As expected, CMV serostatus, HLA match, and donor source significantly influenced the risk of recurrent CMV reactivation. Applying CMV-CTL tetramer monitoring for 2 years allowed the monitoring of 114 (85%) of 134 patients, by testing a set of tetramers representing 6 epitopes from 3 different CMV proteins. The presence of CMV-CTL before day + 50 and their expansion post reactivation seem to protect against recurrent CMV reactivations. The mean number of CMV-CTL by day +100 was >5-fold higher in the recipient CMV-positive/donor-positive (R +/D +) group (91/μL) compared with the R +/ D- (13/μL) and the R -/D +(2/μL) group. Seventy-nine percent of patients from the R +/D + setting recovered >10 CMV-CTL per μL by day + 100, while almost 50% of the other groups failed to mount a CMV-specific response by that time (R +/D -: 58%; R -/D +: 43%).
Tetramer monitoring can help to predict (recurrent) CMV reactivation and is a useful approach to monitor individual patients with increased risk for recurrent reactivation post HSCT; thus, it could help to identify patients in need of adoptive transfer of CMV-CTL or to optimize the use of antiviral drugs.
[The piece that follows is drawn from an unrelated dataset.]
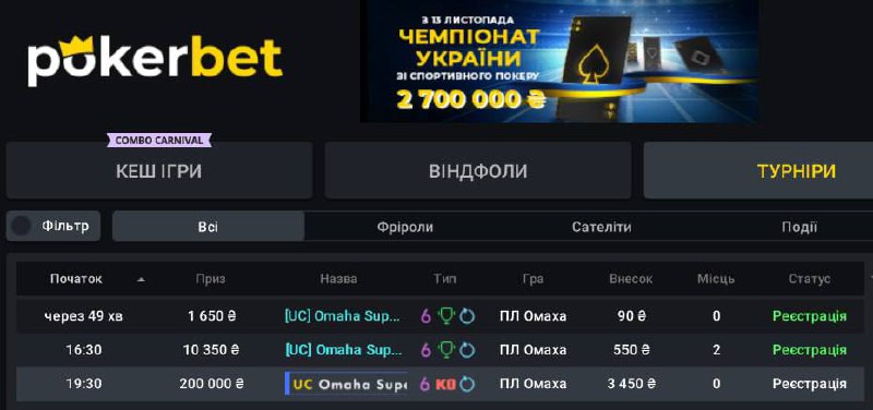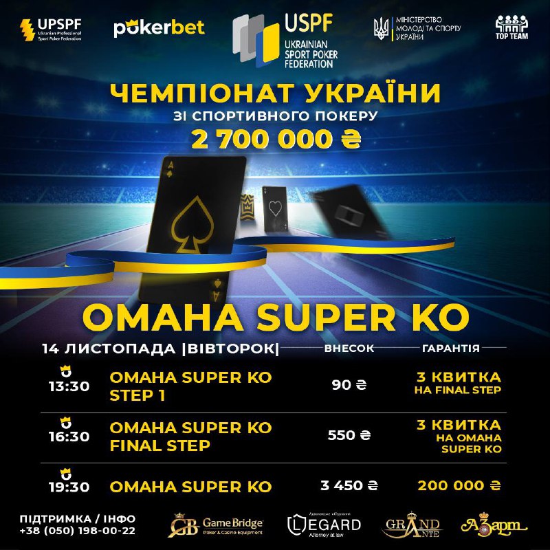 👉 Приєднуйтеся до фіналу чемпіонату України, адже сьогодні на Pokerbet граємо Omaha Super KO з гарантією 200 000₴

巨细胞病毒(CMV)再激活是异基因造血干细胞移植(HSCT)后发病的主要原因。在健康个体中,病毒特异性T细胞(CMV-CTL)可控制潜伏CMV的再激活。最近已建立使用主要组织相容性复合体-I-肽复合物(四聚体)监测病毒表位结合CD8(+) T细胞的方法,从而能够评估HSCT后CMV-CTL的重建情况。
为了通过CMV-CTL研究免疫重建和再激活控制,我们对本部门接受异基因HSCT的所有患者进行了为期2年的定期监测,这些患者与6种市售四聚体中至少1种常见人类白细胞抗原(HLA)类型相匹配。为了验证我们队列中CMV再激活的危险因素,将过去10年内所有移植患者的临床特征纳入统计分析,以确定单次和复发性CMV再激活的相对风险。
正如预期的那样,CMV血清状态、HLA匹配和供体来源显著影响复发性CMV再激活的风险。通过检测一组代表来自3种不同CMV蛋白的6个表位的四聚体,应用CMV-CTL四聚体监测2年可对134例患者中的114例(85%)进行监测。移植后第50天之前存在CMV-CTL以及其在再激活后的扩增似乎可预防复发性CMV再激活。与受体CMV阳性/供体阴性(R +/D -)组(13/μL)和受体CMV阴性/供体阳性(R -/D +)组(2/μL)相比,受体CMV阳性/供体阳性(R +/D +)组移植后第100天CMV-CTL的平均数量高出5倍多(91/μL)。R +/D +组中79%的患者在移植后第100天每微升恢复>10个CMV-CTL,而其他组中近50%的患者在此时未能产生CMV特异性反应(R +/D -组:58%;R -/D +组:43%)。
四聚体监测有助于预测(复发性)CMV再激活,是监测HSCT后复发性再激活风险增加的个体患者的有用方法;因此,它有助于识别需要过继转移CMV-CTL的患者或优化抗病毒药物的使用。